- Vasind Location of Vasind in Maharashtra, India
- Coordinates: 19°25′00″N 73°16′00″E﻿ / ﻿19.4167°N 73.2667°E
- Country: India
- State: Maharashtra
- District: Thane district

Population
- • Total: 15,880

Languages
- • Official: Marathi
- Time zone: UTC+5:30 (IST)
- PIN: 421601

= Vasind =

Vasind is a city in Shahapur taluka of Thane district in the Indian state of Maharashtra. It is suburban city of Mumbai.Mumbai-Vasind distance is about 63.1 km. Vashind is a census town.

== Economy ==
Vasind hosts various medium and large scale industries in and around. Major industrial plants are :

- The JSW Steel Ltd has one of its important plants located in Vasind.
- Essel Propack Limited

== Demographics ==

As of 2001 India census, Vashind had a population of 15,880. Males constitute 53% of the population and females 47%. Vashind has an average literacy rate of 74%, higher than the national average of 59.5%: male literacy is 80%, and female literacy is 68%. In Vashind, 14% of the population is under 6 years of age.

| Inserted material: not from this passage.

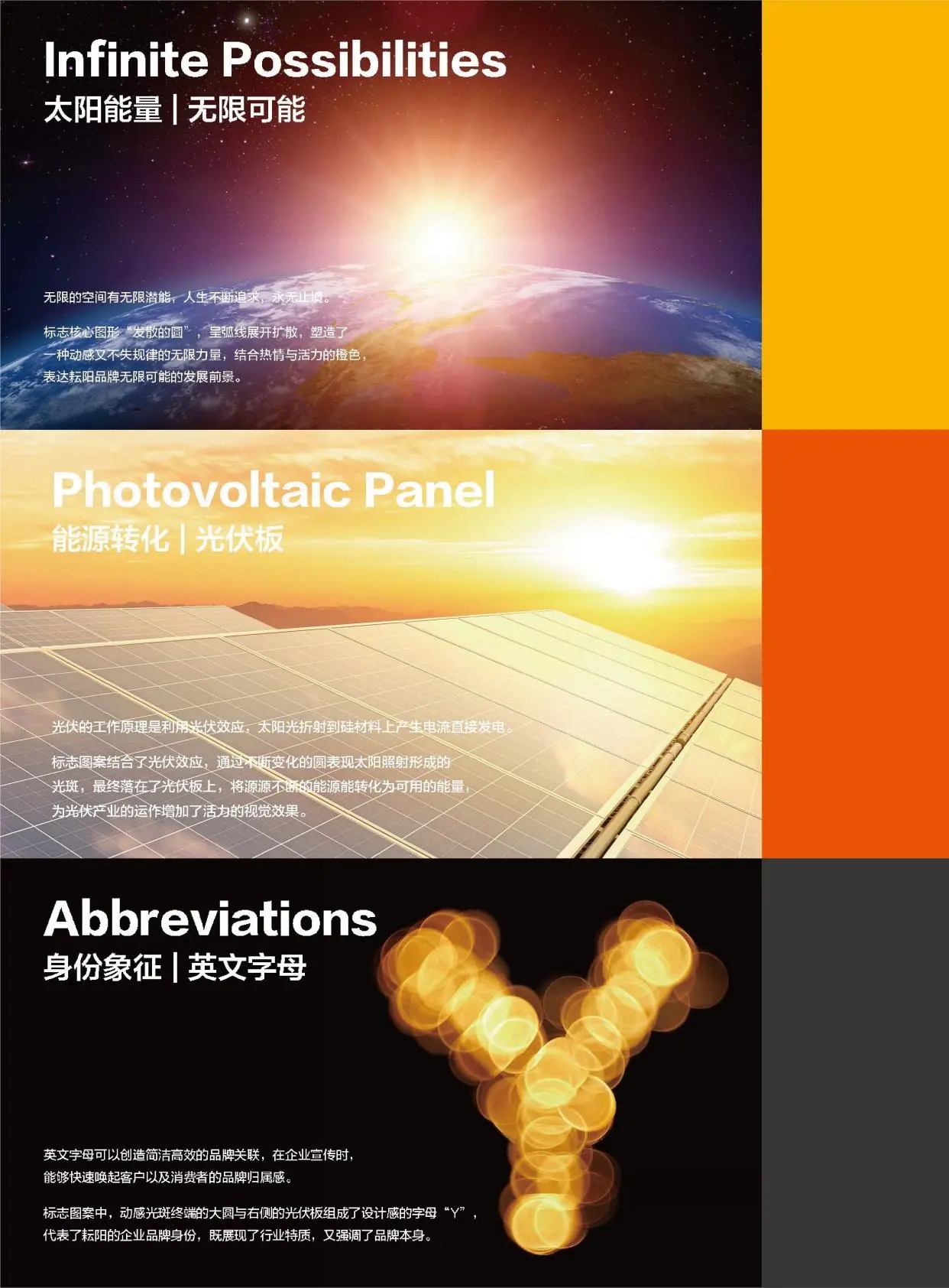 標志圖案中,動感光斑終端的大圓與右側的光伏板組成了設計感的字母“Y”,代表了耘陽的企業品牌身份,既展現了行業特
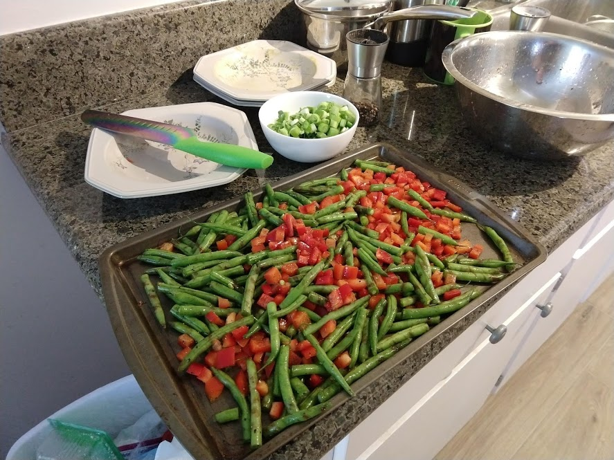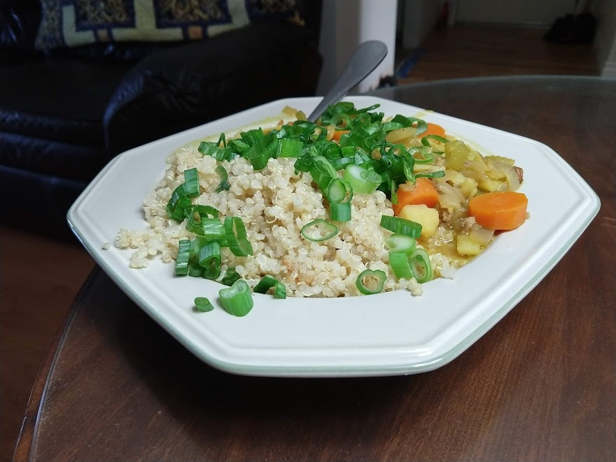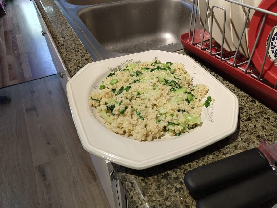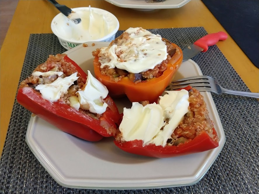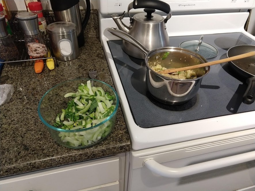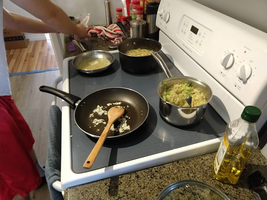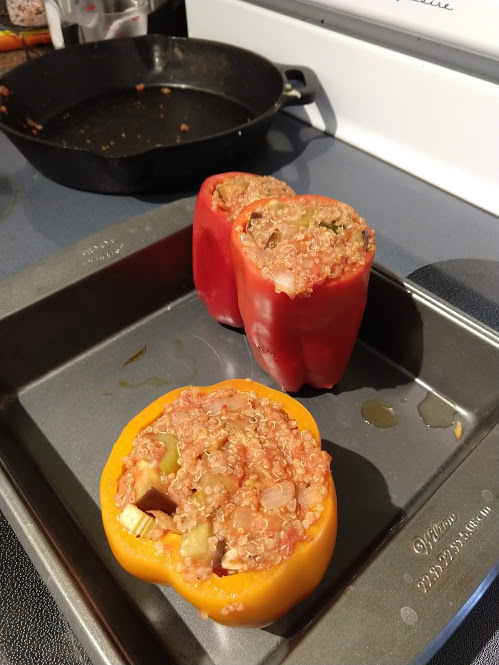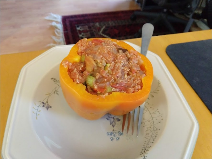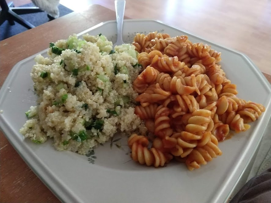 Quinoa in the pot on the right, pasta in the pot at the top rightStraightforward but goodPrepping the ingredientsCooking with cast ironAdded in tomato sauceHalf of the stuffed peppersOne of the peppersWith cheese spread atop themSalt rime potatoes with oil and rosemaryAsparagus (veggie fries in the background)Baked veggie friesAll together: salt rime potatoes, asparagus, veggie friesPancake!Veggie prep as per usualMaking a potato curryQuinoa with fresh green onions sprinkled over, and potato curried stew on the far side

Schedule Caste (SC) constitutes 13.29% while Schedule Tribe (ST) were 9.71% of total population in Vasind (CT).

== Geography & Climate ==

Vasind is situated at approximately 19° 24' 23.54 N | 73° 15' 30.06 E. Vasind lies on the northern bank of Bhatsai river at an altitude of 25.52 m above sea level.

===Climate===

Climate data for Vasind
| Month | Jan | Feb | Mar | Apr | May | Jun | Jul | Aug | Sep | Oct | Nov | Dec | Year |
| Mean daily maximum °C (°F) | 29.3 (84.7) | 34.5 (94.1) | 43.6 (110.5) | 48.7 (119.7) | 38.7 (101.7) | 31.9 (89.4) | 29.8 (85.6) | 29.3 (84.7) | 30.1 (86.2) | 32.9 (91.2) | 33.4 (92.1) | 32.0 (89.6) | 34.5 (94.1) |
| Mean daily minimum °C (°F) | 14.6 (58.3) | 16.3 (61.3) | 19.6 (67.3) | 25.7 (78.3) | 26.1 (79.0) | 25.8 (78.4) | 24.8 (76.6) | 24.5 (76.1) | 24.0 (75.2) | 23.1 (73.6) | 20.5 (68.9) | 18.2 (64.8) | 21.9 (71.5) |
| Average precipitation mm (inches) | 2.3 (0.09) | 1.0 (0.04) | 0.8 (0.03) | 1.8 (0.07) | 13.5 (0.53) | 432.6 (17.03) | 946.1 (37.25) | 553.3 (21.78) | 294.1 (11.58) | 87.1 (3.43) | 20.6 (0.81) | 2.0 (0.08) | 2,355.2 (92.72) |
Source: Government of Maharashtra

== Transportation ==

The nearest airport is Chhatrapati Shivaji Maharaj International Airport in Mumbai which is about 63 km away.

Vasind is well connected to (Mumbai Suburban Railway) by Vasind Railway Station. It is on the rail line between Mumbai and Kasara.

Vasind is also well connected to Mumbai and Nashik by National Highway 160 (India). By road Vasind is 63 km North East of Mumbai, and 106 km South West of Nashik.